Posts Tagged ‘microsoft’
Last Thursday I spent the day at the British Computer Society’s Search Solutions event, run by their Information Retrieval Specialist Group. Unlike some events I could mention, this isn’t a forum for sales pitches, over-inflated claims or business speak – just some great presentations on all aspects of search and some lively networking or discussion. It’s one of my favourite events of the year.
Milad Shokouhi of Microsoft Research started us off showing us how he’s worked on query trend analysis for Bing: he showed us how some queries are regular, some spike and go and some spike and remain – and how these trends can be modelled in various ways. Alex Jaimes of Yahoo! Barcelona talked about a human centred approach to search – I agree with his assertion that “we’re great at adapting to bad technology” – still sadly true for many search interfaces! Some of the demographic approaches have led to projects such as Yahoo! Clues which is worth a look.

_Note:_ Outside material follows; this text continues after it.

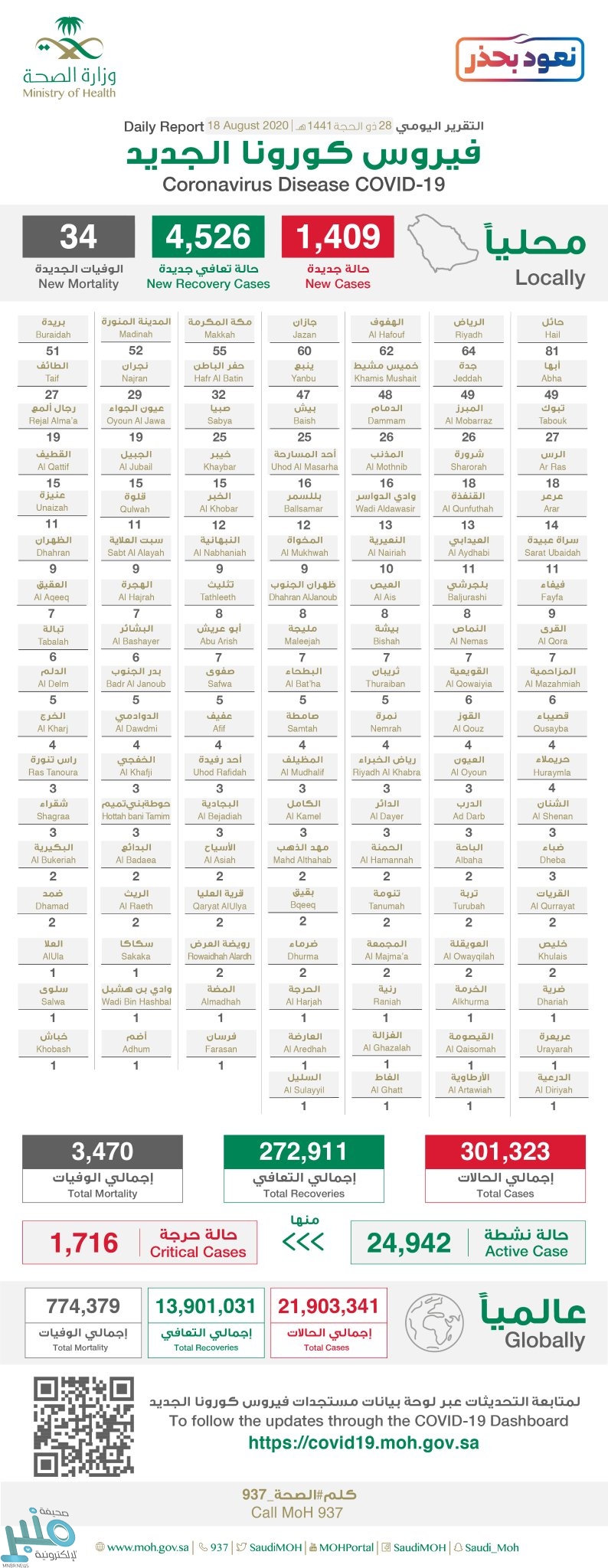 وأوضحت أنه تم تسجيل 34 وفيات جديدة في المملكة، ليصل إجمالي الوفيات إلى 3470 حالة.

Martin White of Intranet Focus was up next with some analysis of recent surveys and research, leading to some rather doom-laden conclusions about just how few companies are investing sufficiently in search. Again some great quotes: “Information Architects think they’ve failed if users still need a search engine” and a plea for search vendors (and open source exponents) to come clean about what search can and can’t do. Emma Bayne of the National Archives was next with a description of their new Discovery catalogue, a similar presentation to the one she gave earlier in the year at Enterprise Search Europe. Kristian Norling of Findwise finished with a laconic and amusing treatment of the results from Findwise’s survey on enterprise search – indicating that those who produce systems that users are “very satisfied” usually do the same things, such as regular user testing and employing a specialist internal search team.

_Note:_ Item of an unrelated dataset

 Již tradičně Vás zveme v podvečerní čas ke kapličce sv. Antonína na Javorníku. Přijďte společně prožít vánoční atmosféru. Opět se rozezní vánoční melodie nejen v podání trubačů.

Stella Dextre Clark talked next about a new ISO standard for thesauri, taxonomies and their interopability with other vocabularies – some great points on the need for thesauri to break down language barriers, help retrieval in enterprise situations where techniques such as PageRank aren’t so useful and to access data from decades past. Leo Sauermann was next with what was my personal favourite presentation of the day, about a project to develop a truly semantic search engine both for KDE Linux and currently the Cloud. This system, if more widely adopted, promises a true revolution in search, as relationships between data objects are stored directly by the underlying operating system. I spoke next about our Clade taxonomy/classification system and our Flax Media Monitor, which I hope was interesting.

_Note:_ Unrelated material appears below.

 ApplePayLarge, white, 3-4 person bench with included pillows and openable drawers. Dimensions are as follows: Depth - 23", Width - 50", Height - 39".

Nicholas Kemp of DSTL was up next exploring how they research new technologies and approaches which might be of interest to the defence sector, followed by Richard Morgan of Funnelback on how to empower intranet searchers with ways to improve relevance. He showed how Funnelback’s own intranet allows users to adjust multiple factors that affect relevance – of course it’s debatable how these may be best applied to customer situations.
The day ended with a ‘fishbowl’ discussion during which a major topic was of course the Autonomy/HP debacle – there seemed to be a collective sense of relief that perhaps now marketing and hype wouldn’t dominate the search market as much as it had previously…but perhaps also that’s just my wishful thinking! All in all this was as ever an interesting and fun day and my thanks to the IRSG organisers for inviting me to speak. Most of the presentations should be available online soon.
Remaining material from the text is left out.